These Justices have one job: To protect the Constitution of the United States.*
Donald Trump attacked the sovereignty of the people of the United States. Allowing him to even appear on the presidential ballot is a failure to protect our Constitution. How hard is that to understand?
Apparently, it’s beyond the intellectual capability of our Supreme Court Justices to understand how this guy incited and participated in an insurrection, giving aid and comfort to the enemies of the country. Over a thousand enemies of which have either pled guilty or been convicted. Some of them of seditious conspiracy, that is, conspiracy to overthrow the government.
And some of them think this should be up to Congress. They have no qualms about interpreting the law in any other case. They’ve been interpreting the Constitution for a couple centuries. But interpreting the Constitution in this case is too hot a potato, so they pitched it to Congress.
Fine. We need a bill in Congress disqualifying Donald Trump from office. All offices. Even the office of the presidency.
Let’s have a vote. I want to see which Republicans are Americans and which think Donald Trump is qualified. Put them on the horns of that particular dilemma.
This goes back to the problem I pointed out earlier. This Supreme Court is an illegitimate Supreme Court. It has Justices picked by someone who didn’t get a majority of the popular vote. Once you allow someone who doesn’t have the backing of the American people to start picking Justices, you undermine the moral authority of the Court. Why should I, as an American citizen, have any confidence in their decisions?
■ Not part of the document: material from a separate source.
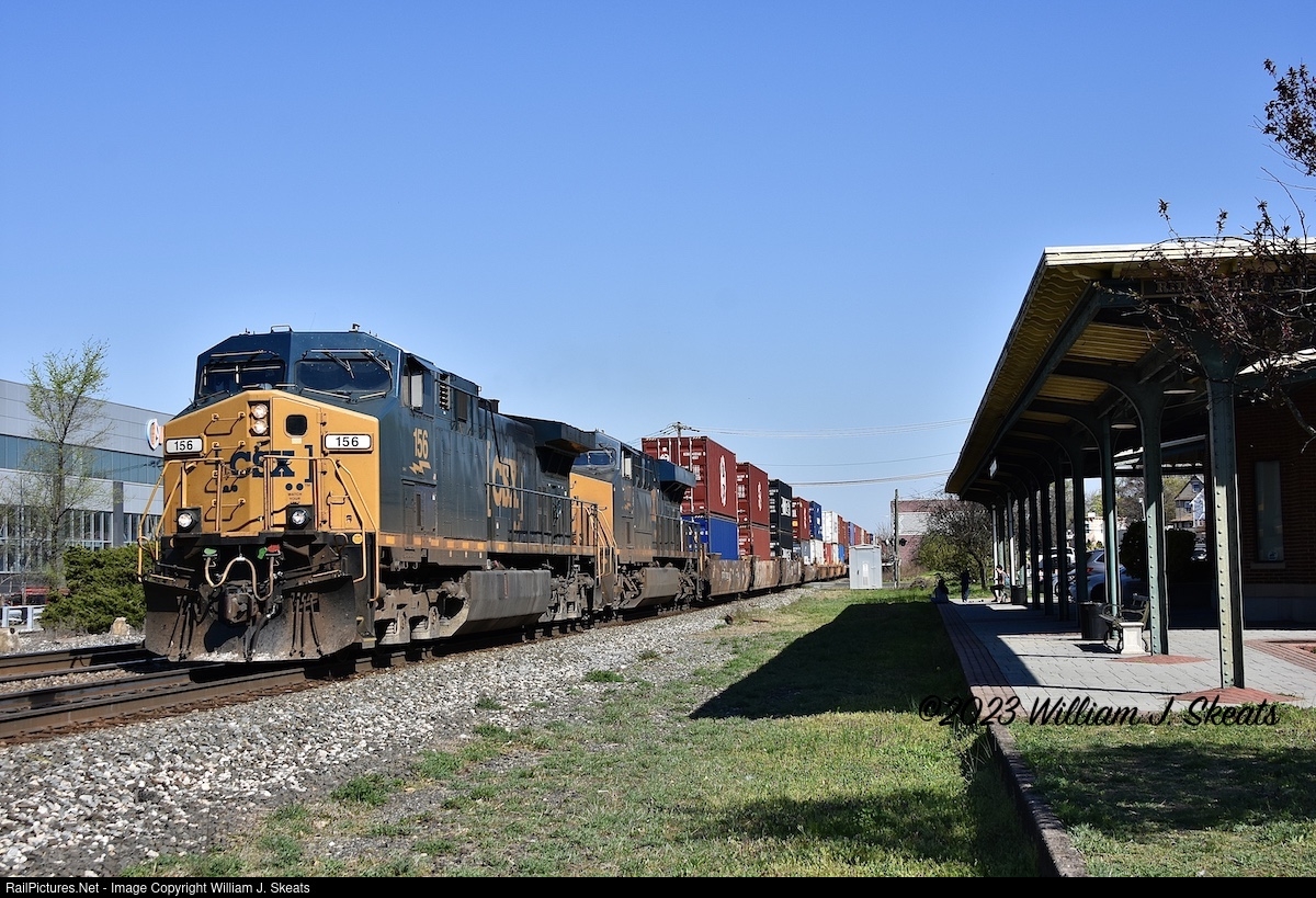 | CSX I168 from Chicago, IL to Port Newark, NJ seen passing the former West Shore Railroad Ridgefield Park Station. Autoracks went to Little Ferry at 7:26 A.M. CSX GE AC4400CW 156 and GE ES44AH 3107 have picked up the rest of their train. |
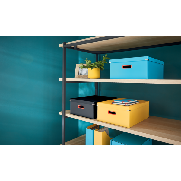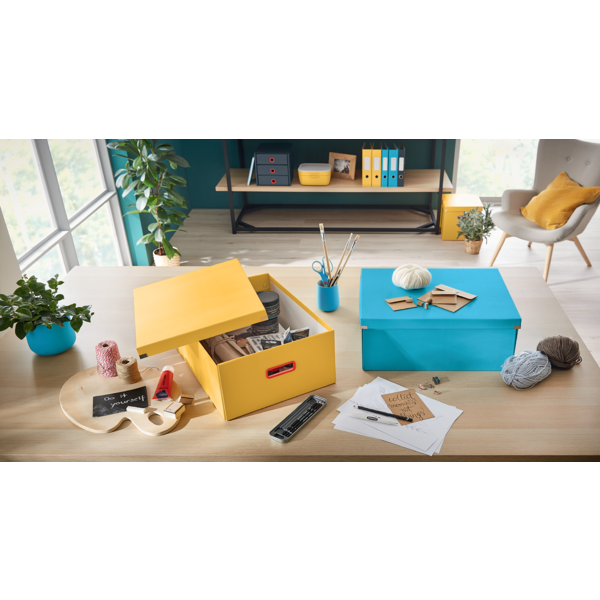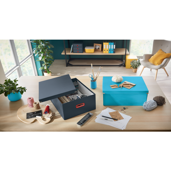 Føl dig hjemme, uanset hvor din arbejdsdag fører dig hen med Cosy serien fra Leitz. Med det minimalistiske design og indbydende farver kan du tilføje stil og farve til dit arbejdsområde. Click & Store Cosy stor opbevaringsboks med låg og et praktisk stilfuldt rødt gribehul har plads nok til at gemme og transportere alle dine A3-dokumenter og andre større ting, såsom en bærbar computer eller et tastatur. Det er perfekt til at pakke dit hjemmekontorsartikler væk eller til at blive brugt som en hot desking boks på kontoret. Med det pladsbesparende design kan denne sammenklappelige opbevaringsboks let gemmes væk, når den ikke er i brug. Leitz Click & Store Cosy er ideelle til at holde hjemmet og kontoret fri for rod, og de førsteklasses opbevaringsbokse af recirkuleret karton vil få dig til at føle dig afslappet og produktiv hele dagen. Volumen 29 liter.

Their take on the matter started drifting away from American values the moment we put up with this illegitimate procedure. That’s how we got Dobbs, for example, which has scant support among the actual American people.
Meanwhile, I renew my call for the DOJ to put Trump’s co-conspirators on trial, as I mentioned here and here. The DOJ could support democracy with just a little effort. I’m not even asking them to take on the many state laws inhibiting democracy.
I already did that.
* One top-level job. Obviously, there are mechanics, like deciding cases between the states or between a state and a foreign entity. But, I stand by my characterization that defending the Constitution is the job of the Supreme Court.